One blank: choose the ranking function that skips numbers after a tie. The PARTITION BY region ORDER BY amount DESC is already wired up for you.

🎯 Your Turn: RANK by amount

Rank highest amount = 1 within each region.

Try it Yourself »

SQL

-- 🎯 YOUR TURN — fill in the blank.
-- Goal: rank each region's months from biggest amount to smallest.

SELECT region, month, amount,
       ___ OVER (                -- 👉 the ranking function (skips numbers on ties)
           PARTITION BY region ORDER BY amount DESC
       ) AS amount_rank
FROM sales
ORDER BY region, amount_rank;

-- ✅ Expected:
--   East: 150 → 1, 120 → 2, 100 → 3
--   West: 250 → 1, 200 → 2, 180 → 3

4. LAG & LEAD — Looking at Neighbouring Rows

LAG(col, n) reaches back to the row n positions earlier; LEAD(col, n) reaches forward to the row n positions later (n defaults to 1). They walk the order you give in OVER (...), restarting at each partition boundary. This is how you compare a row to the one before it — month-over-month change, period-over-period growth, gaps between events.

Edge case: the first row of each partition has no earlier neighbour, so LAG returns NULL there (and LEAD returns NULL on the last row). Pass a third argument as a fallback: LAG(amount, 1, 0) uses 0 when there's no prior row.

LAG & LEAD

Previous and next month's amount, per region.

Try it Yourself »

SQL

-- LAG looks at an EARLIER row; LEAD looks at a LATER row.
-- Both walk the order you give them, per partition.
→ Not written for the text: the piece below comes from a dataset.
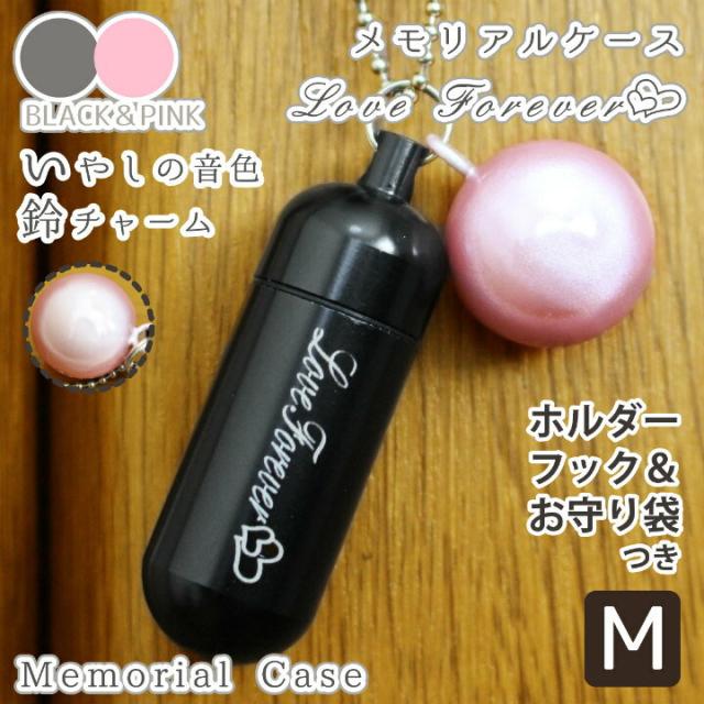 遺骨ペンダント メモリアルケース ブラック ( 中 ) 「 Love Forever 」 お守り袋+ホルダーフックつき 鈴 ピンク チャーム

SELECT region, month, amount,
       -- amount of the PREVIOUS month in this region
       LAG(amount, 1) OVER (
           PARTITION BY region ORDER BY month
       ) AS prev_month,
       -- amount of the NEXT month in this region
       LEAD(amount, 1) OVER (
           PARTITION BY region ORDER BY month
       ) AS next_month
FROM sales
ORDER BY region, month;

-- The first row of
...

Result — prev/next month within each region:

region	month	amount	prev_month	next_month
East	1	100	NULL	150
East	2	150	100	120
East	3	120	150	NULL
West	1	200	NULL	180
West	2	180	200	250
West	3	250	180	NULL

5. Aggregates as Windows — Moving Averages

Any aggregate — SUM, AVG, COUNT, MIN, MAX — can run as a window. You already built a running SUM. Swap in AVG with a small frame and you get a moving average: a smoothed value over the last few rows. The frame ROWS BETWEEN 1 PRECEDING AND CURRENT ROW means "this row and the one immediately before it" — a 2-row window that slides down the data.

2-month moving average

AVG over the current and previous row.

Try it Yourself »

SQL

-- A window FRAME picks exactly which rows feed the aggregate.
-- ROWS BETWEEN 1 PRECEDING AND CURRENT ROW = "this row + the one before".

SELECT region, month, amount,
       ROUND(AVG(amount) OVER (
           PARTITION BY region
           ORDER BY month
           ROWS BETWEEN 1 PRECEDING AND CURRENT ROW
       ), 2) AS moving_avg_2m
FROM sales
ORDER BY region, month;

-- This is a 2-month moving average that slides down the data.
-- Month 1 averages just itself (no earlier row to include).

Result — moving_avg_2m per region:

region	month	amount	moving_avg_2m
East	1	100	100
East	2	150	125
East	3	120	135
West	1	200	200
West	2	180	190
West	3	250	215

East month 2 averages (100+150)/2 = 125; month 3 averages (150+120)/2 = 135. Month 1 averages only itself because there's no earlier row in its frame.

6. Window Frames — The Part Everyone Skips

The frame is the exact slice of the partition a function can see from the current row. You write it with ROWS BETWEEN <start> AND <end>, where the bounds are:

UNBOUNDED PRECEDING — the first row of the partition.
n PRECEDING — n rows before the current row.
CURRENT ROW — the row being calculated.
n FOLLOWING — n rows after the current row.
UNBOUNDED FOLLOWING — the last row of the partition.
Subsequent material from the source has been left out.